第二个阶段，sq，从上面的channel接收数字，并返回一个包含所有收到数字的平方的channel。在上游channel关闭后，这个阶段已经往下游发送完所有的结果，然后关闭输出channel：

  
 
   
  func sq(in <-chan int) <-chan int { 
   
      out := make(chan int) 
   
      go func() { 
   
          for n := range in { 
   
              out <- n * n 
   
          } 
   
          close(out) 
   
      }() 
   
      return out 
   
  }

main函数建立这个管道，并执行第一个阶段，从第二个阶段接收结果并逐个打印，直到channel被关闭。

 
 
  
  func main() { 
  
      // Set up the pipeline. 
  
      c := gen(2, 3) 
  
      out := sq(c) 
  
    
  
      // Consume the output. 
  
      fmt.Println(<-out) // 4 
  
      fmt.Println(<-out) // 9 
  
  }

因为sq对输入channel和输出channel拥有相同的类型，我们可以任意次的组合他们。
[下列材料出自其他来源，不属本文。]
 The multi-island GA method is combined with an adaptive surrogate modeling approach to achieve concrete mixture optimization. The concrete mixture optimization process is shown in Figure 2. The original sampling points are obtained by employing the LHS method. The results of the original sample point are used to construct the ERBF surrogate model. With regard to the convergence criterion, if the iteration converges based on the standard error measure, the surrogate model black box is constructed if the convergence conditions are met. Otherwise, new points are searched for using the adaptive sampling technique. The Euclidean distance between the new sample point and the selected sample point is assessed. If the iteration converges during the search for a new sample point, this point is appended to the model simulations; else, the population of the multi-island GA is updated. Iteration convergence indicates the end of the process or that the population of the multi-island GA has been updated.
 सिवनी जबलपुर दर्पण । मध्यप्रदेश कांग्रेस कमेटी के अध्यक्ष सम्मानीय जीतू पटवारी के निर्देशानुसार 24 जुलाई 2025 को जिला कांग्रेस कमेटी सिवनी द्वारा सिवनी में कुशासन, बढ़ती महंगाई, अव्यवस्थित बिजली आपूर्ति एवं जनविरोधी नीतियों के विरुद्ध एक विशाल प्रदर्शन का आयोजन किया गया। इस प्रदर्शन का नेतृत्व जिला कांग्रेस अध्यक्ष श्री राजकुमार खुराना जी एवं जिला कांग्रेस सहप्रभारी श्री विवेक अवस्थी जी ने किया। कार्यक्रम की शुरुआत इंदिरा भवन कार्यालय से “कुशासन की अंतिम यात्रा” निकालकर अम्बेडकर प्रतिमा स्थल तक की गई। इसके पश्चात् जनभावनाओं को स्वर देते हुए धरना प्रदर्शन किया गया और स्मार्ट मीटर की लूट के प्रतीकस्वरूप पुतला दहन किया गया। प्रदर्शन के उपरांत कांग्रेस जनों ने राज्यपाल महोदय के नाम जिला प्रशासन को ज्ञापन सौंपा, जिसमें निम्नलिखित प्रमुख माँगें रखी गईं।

我们也可以像其他阶段一样，将main函数重写成一个循环遍历。

 
 
  
  func main() { 
  
      // Set up the pipeline and consume the output. 
  
      for n := range sq(sq(gen(2, 3))) { 
  
          fmt.Println(n) // 16 then 81 
  
      } 
  
  }

扇出扇入（Fan-out, fan-in）

多个函数可以从同一个channel读取数据，直到这个channel关闭，这叫扇出。这是一种多个工作实例分布式地协作以并行利用CPU和I/O的方式。
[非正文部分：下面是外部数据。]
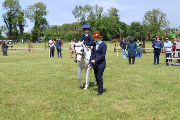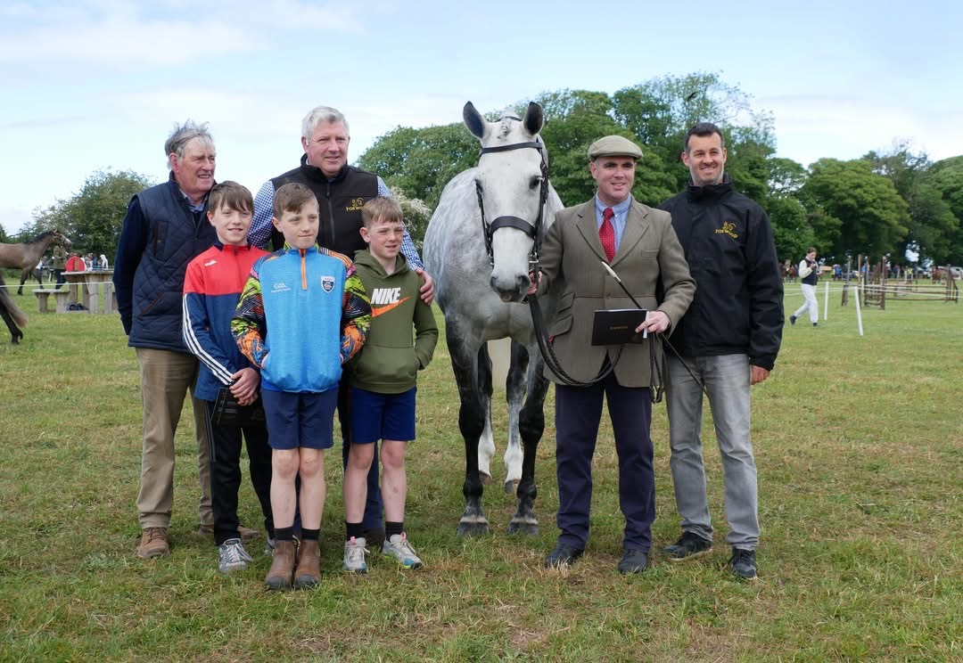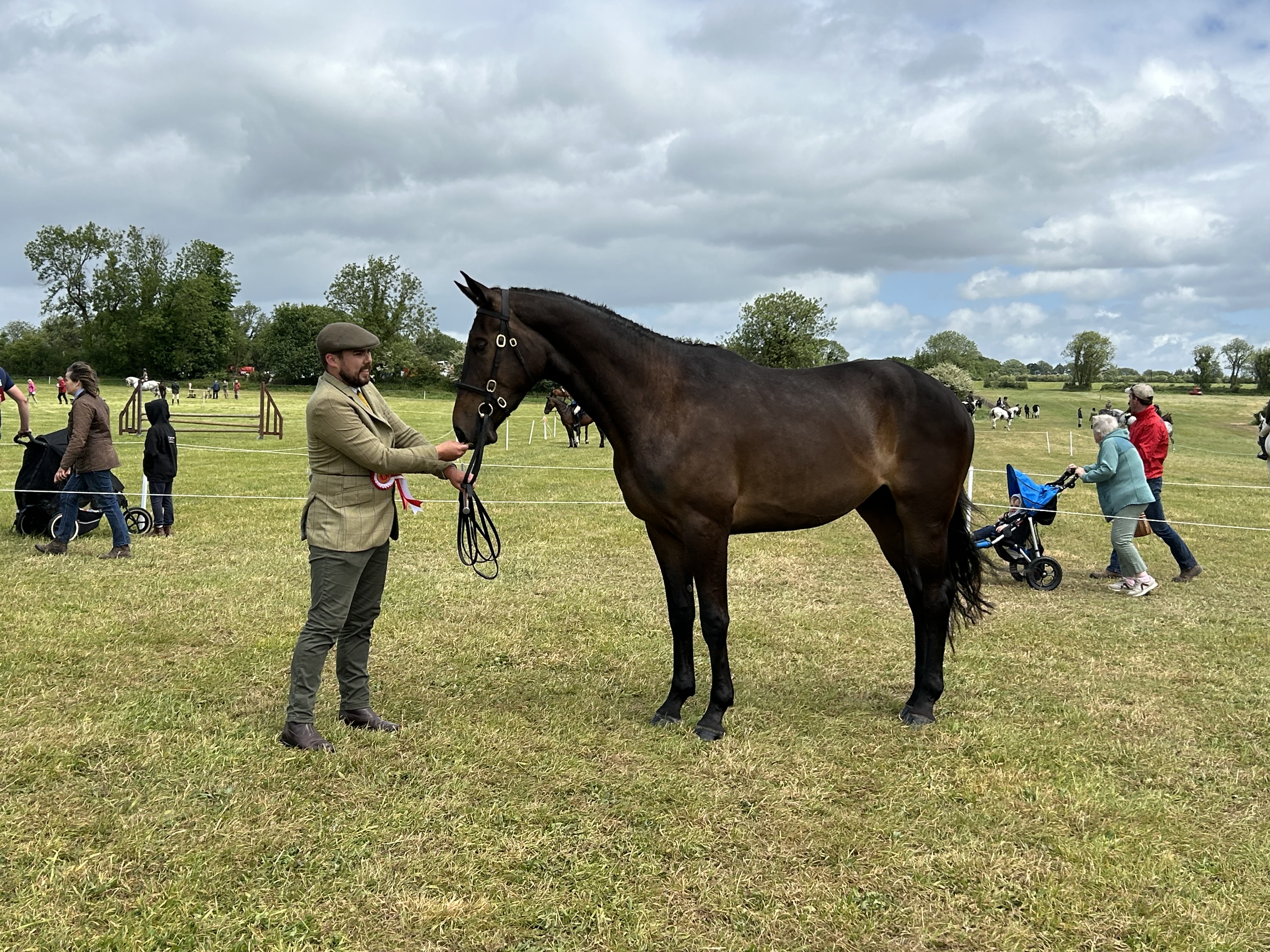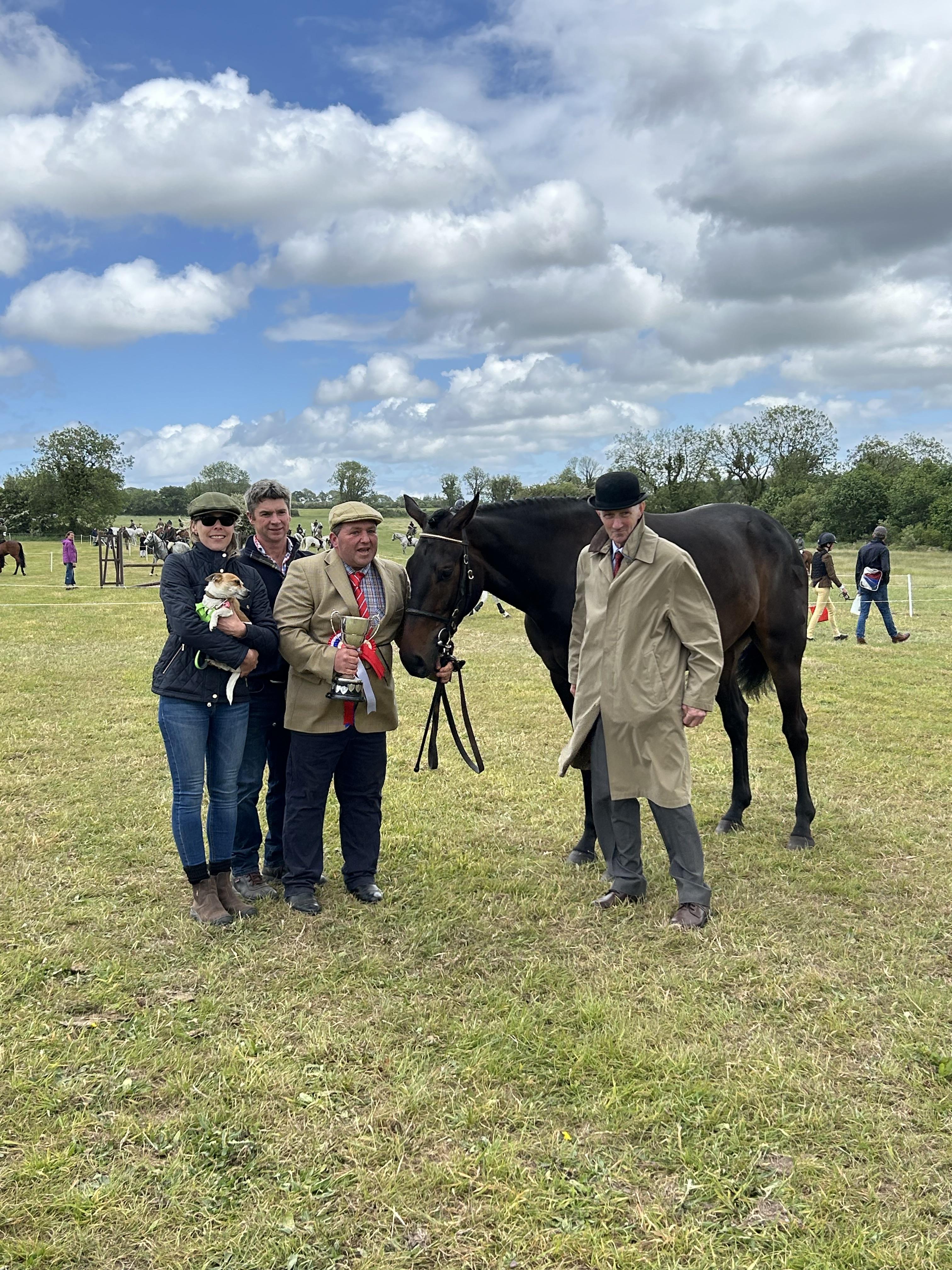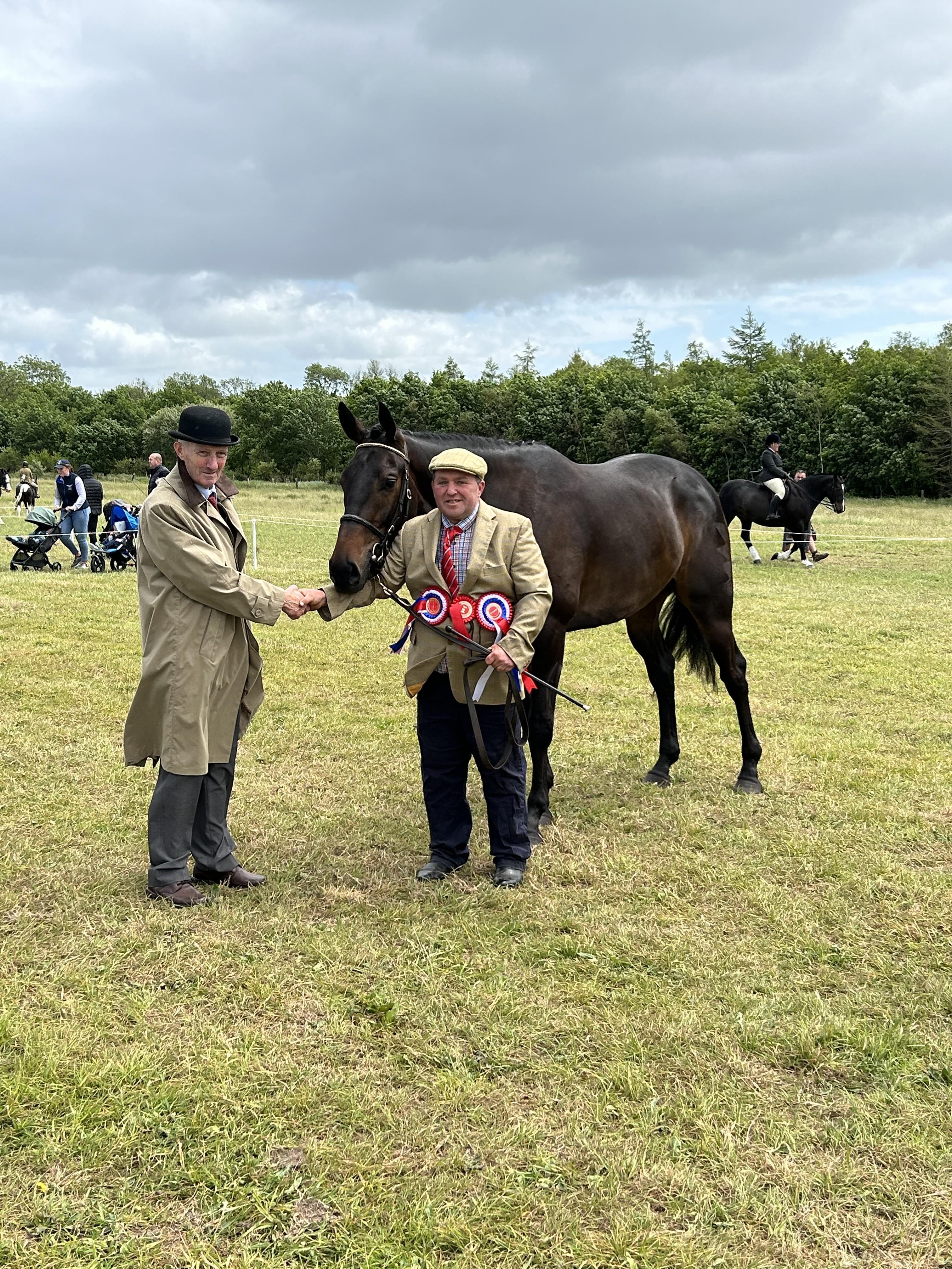 Champion Thoroughbred and Odon Equestrian Champion Young Horse Patrick McCarthy with Alexander (Blue Bresil - Oscar Rebel) pictured with Judge Aidan Foran.JPG

一个函数可以从多个输入读取并处理数据，直到所有的输入channel都被关闭。这个函数会将所有输入channel导入一个单一的channel。这个单一的channel在所有输入channel都关闭后才会关闭。这叫做扇入。

我们可以设置我们的管道执行两个sq实例，每一个实例都从相同的输入channel读取数据。我们引入了一个新的函数，merge，来扇入结果:

 
 
  
  func main() { 
  
      in := gen(2, 3) 
  
    
  
      // Distribute the sq work across two goroutines that both read from in. 
  
      c1 := sq(in) 
  
      c2 := sq(in) 
  
    
  
      // Consume the merged output from c1 and c2. 
  
      for n := range merge(c1, c2) { 
  
          fmt.Println(n) // 4 then 9, or 9 then 4 
  
      } 
  
  }

merge函数为每一个输入channel启动一个goroutine，goroutine将数据拷贝到同一个输出channel。这样就将多个channel转换成一个channel。一旦所有的output goroutine启动起来，merge就启动另一个goroutine，在所有输入拷贝完毕后关闭输出channel。
向一个关闭了的channel发送数据会触发异常，所以在调用close之前确认所有的发送动作都执行完毕很重要。sync.WaitGroup类型为这种同步提供了一种简便的方法:

 
 
  
  func merge(cs ...<-chan int) <-chan int { 
  
      var wg sync.WaitGroup 
  
      out := make(chan int) 
  
    
  
      // Start an output goroutine for each input channel in cs.  output 
  
      // copies values from c to out until c is closed, then calls wg.Done. 
  
      output := func(c <-chan int) { 
  
          for n := range c { 
  
              out <- n 
  
          } 
  
          wg.Done() 
  
      } 
  
      wg.Add(len(cs)) 
  
      for _, c := range cs { 
  
          go output(c) 
  
      } 
  
    
  
      // Start a goroutine to close out once all the output goroutines are 
  
      // done.  This must start after the wg.Add call. 
  
      go func() { 
  
          wg.Wait() 
  
          close(out) 
  
      }() 
  
      return out 
  
  }

停止的艺术

我们所有的管道函数都遵循一种模式：

发送者在发送完毕时关闭其输出channel。
接收者持续从输入管道接收数据直到输入管道关闭。

这种模式使得每一个接收函数都能写成一个range循环，保证所有的goroutine在数据成功发送到下游后就关闭。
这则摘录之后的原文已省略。